NUP writes to UHRC over “abducted” supporters

The Secretary General of National Unity Platform (NUP) David Lewis Rubongoya has written to the Uganda Human Rights Commission (UHRC) regarding five of their “abducted” supporters.

These include; Khalid Sebi, Alex Kabugo Kasaija, Sebunya Yasin, Kagimu Fred and Mubiru Sadat Sadam. According to Rubongoya, these people were “violently” picked up from Nakaseke District by a drone and one from Salama Road in Kampala.

In the letter dated February 21 2023, Rubongoya noted that the state operatives have continued to abduct their supporters, hold them incommunicado and subject to torture and cruel treatment which is against the law.

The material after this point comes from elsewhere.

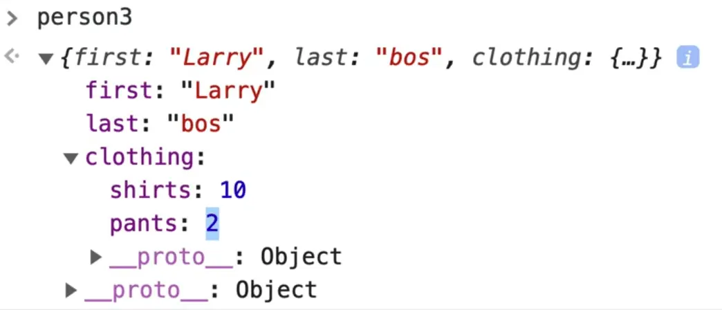 If you try to update person3.clothing.shirts = 100; and then view the object in the console, you will notice that person3.clothing.shirts does equal 100.
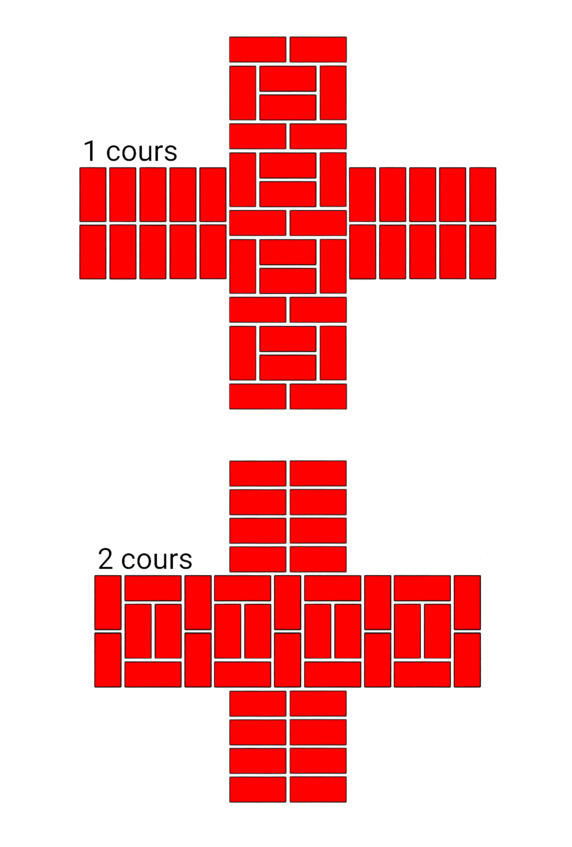 Fig.24. Lordre des briques à lintersection des murs. L'épaisseur des murs est de 2 et 2 briques.

“In accordance with Article 52 (1) of the 1995 Constitution, I hereby lodge another complaint regarding five more NUP supporters who have recently been abducted by armed security operatives moving in drones and are still missing,” he noted in a letter seen by the Nile Post.

He claimed that many of their supporters have returned with grave torture marks, while others have not been seen or heard from for months or years now.

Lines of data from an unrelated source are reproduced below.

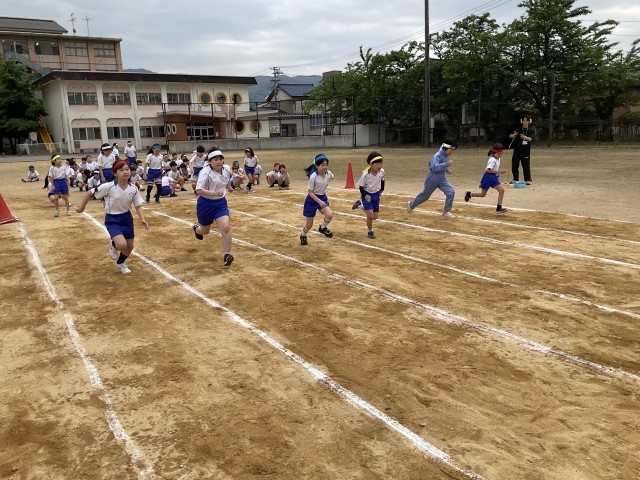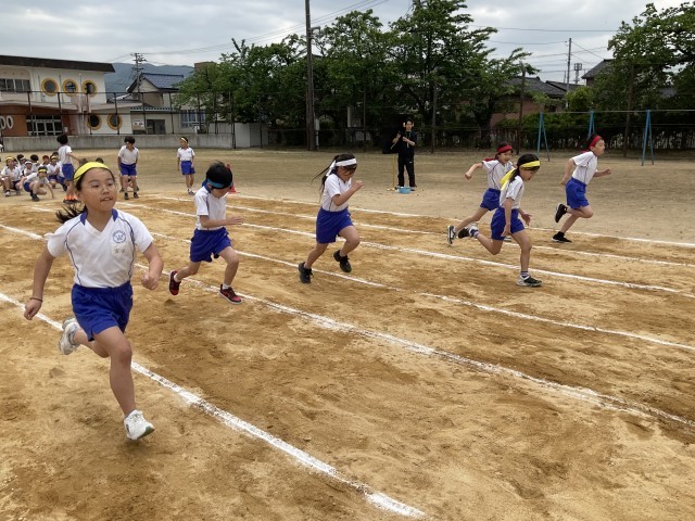 5月の50m走記録会。タイムが近い仲間と一緒に走りました。
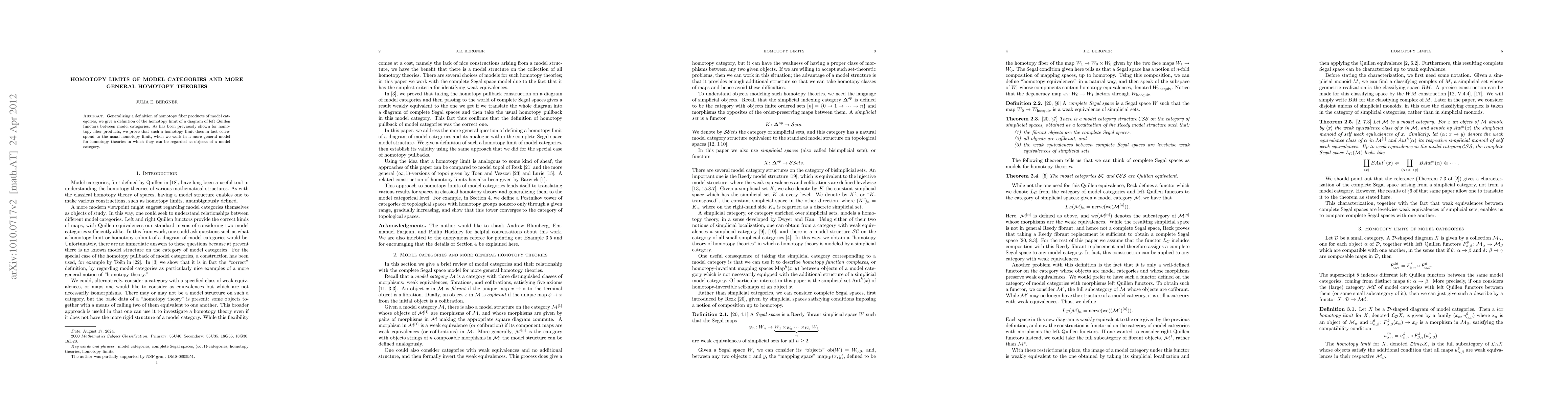 This paper generalizes the concept of homotopy fiber products to define homotopy limits for diagrams of left Quillen functors between model categories, showing that these align with traditional homotopy limits within a broader model for homotopy theories.
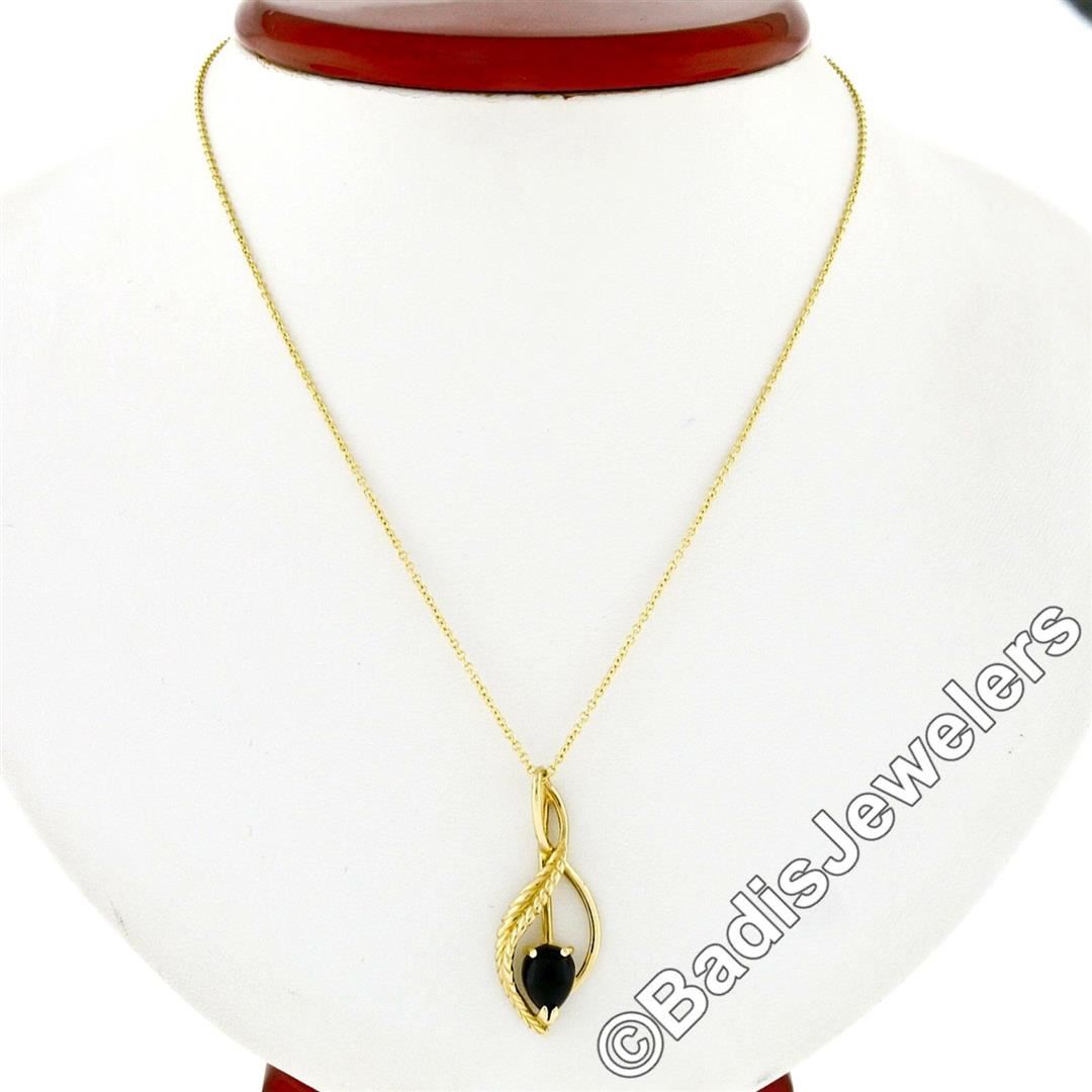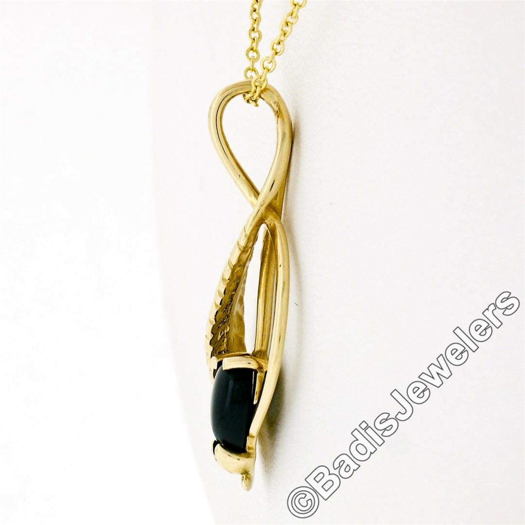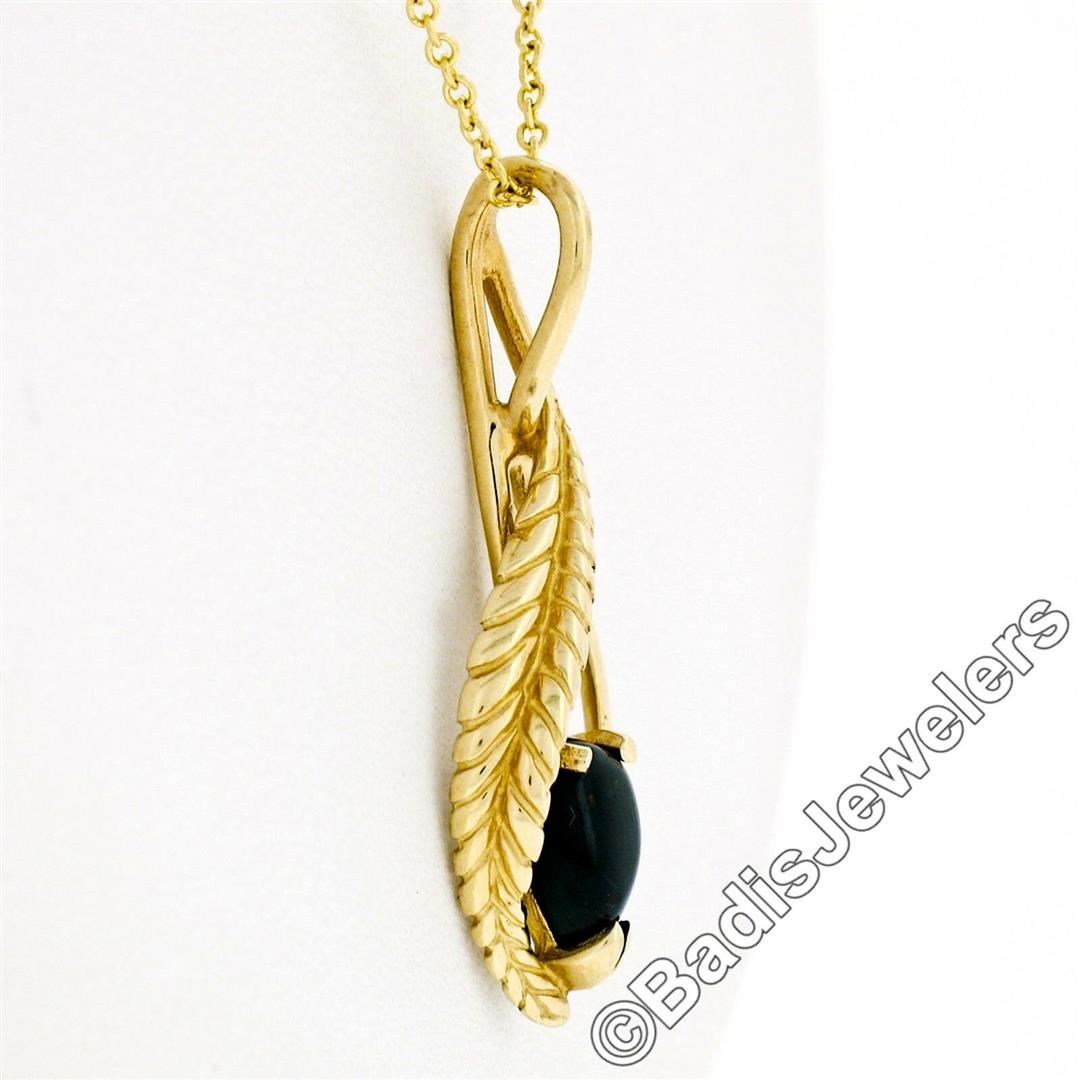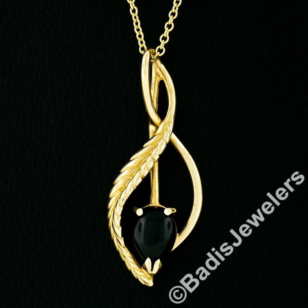 A 14kt yellow gold leaf pendant necklace featuring a prong set pear cabochon black onyx (8.4x5.9mm). 18 inch cable link chain, 3.91 grams total weight, pendant measures 31.25x12.35mm.

“The list and details of the recent victims and circumstances of their abduction are attached herein. The family members of these victims, as well as our legal teams have tried to trace them without success,” read part of the letter.

He requested the commission to expeditiously investigate the whereabouts of these persons and ensure they reunite with their families as soon as possible.

“The commission should also exercise its mandate and put an end to this crisis of violent abductions and incommunicado detentions targeting our supporters,” he said, adding that family members have chilling tales of how much violence their loved ones were subjected to while being taken away.

“We usually report these matters so we are on record, because we believe there will be time for accountability for these crimes against humanity,” he said.

 For the past three years, NUP, which is the biggest political party in the country, has accused the government through security organs of abducting some of its supporters.

It claims that the government has continued to persecute opposition supporters with abduction as one of the methods used for persecution.

 At least 54 people, most of them believed to have been NUP supporters, were killed and others sustained serious injuries as security forces worked to end two days of protests that followed Kyagulanyi’s November 18, 2020, arrest in Luuka District.

Recently, the UHRC chairperson, Mariam Wangadya said the commission wrote to the NUP Secretary General, a copy of the letter they sent to the party president Robert Kyagulanyi alias Bobi Wine to provide details of the missing persons.

She however accused the party of being part of the growing trend by politicians to use non-existent abductions as a political mobilisation tool.